■ Data extract
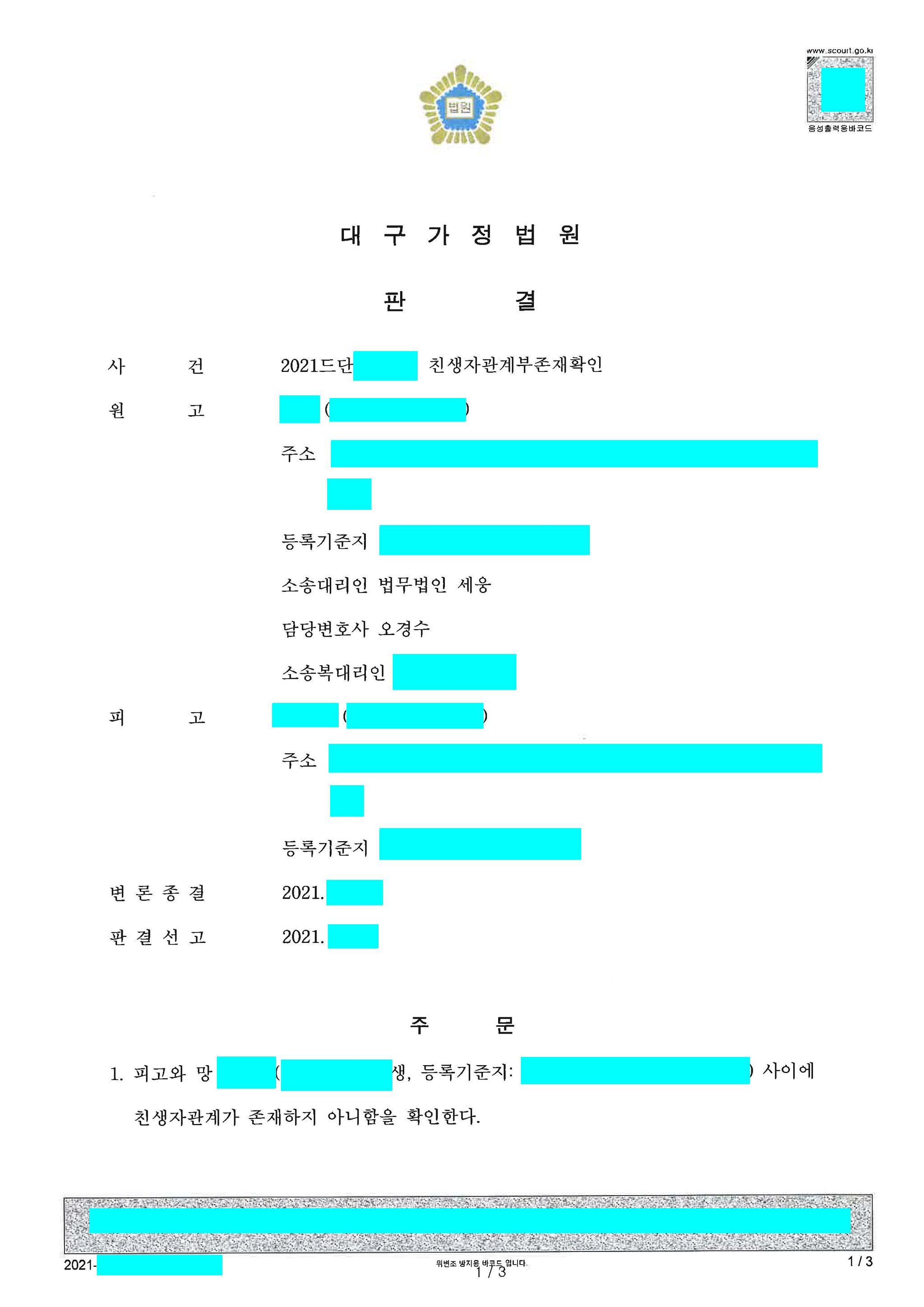 원고는 피고의 자녀. 피고의 생모는 망 A이나 피고의 가족관계등록부상 모친은 망 B로 되어 있음. 이제 피고의 자녀가 원고가 되어 친생자관계존부확인 소송을 제기한 사안입니다.
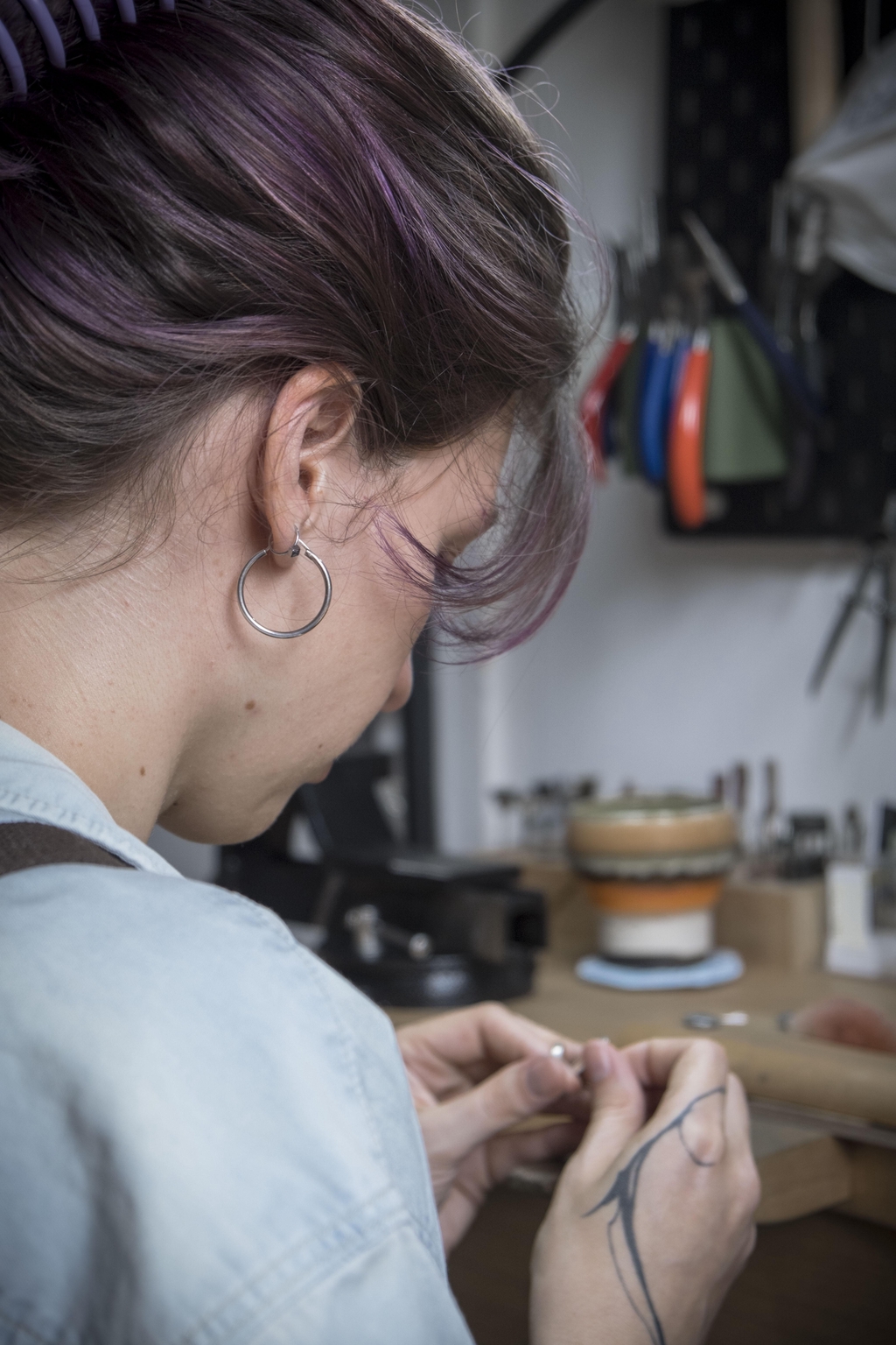 Mon parcours dans le monde de la bijouterie a été sinueux. Après une année d’études artistiques en Irlande où j’ai découvert le travail des métaux précieux, j’ai suivi un cursus universitaire en communication avant de tout quitter pour traverser le Canada d’ouest en est dans un vieux van des années 70.
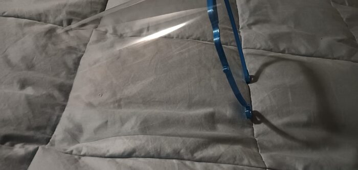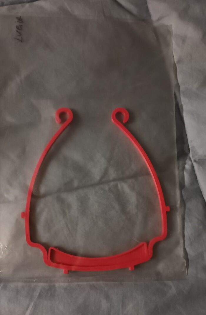 visiera componibile,formata da una lastra morbida di plastica e un cerchiettto da mettere sull fronte,ne ho due,formato folglio A4

■ About this task
Transcribe the full listing above exactly as it stands, minus the pictures.

■ Response to the task
 원고는 피고의 자녀. 피고의 생모는 망 A이나 피고의 가족관계등록부상 모친은 망 B로 되어 있음. 이제 피고의 자녀가 원고가 되어 친생자관계존부확인 소송을 제기한 사안입니다.
 Mon parcours dans le monde de la bijouterie a été sinueux. Après une année d’études artistiques en Irlande où j’ai découvert le travail des métaux précieux, j’ai suivi un cursus universitaire en communication avant de tout quitter pour traverser le Canada d’ouest en est dans un vieux van des années 70.
 visiera componibile,formata da una lastra morbida di plastica e un cerchiettto da mettere sull fronte,ne ho due,formato folglio A4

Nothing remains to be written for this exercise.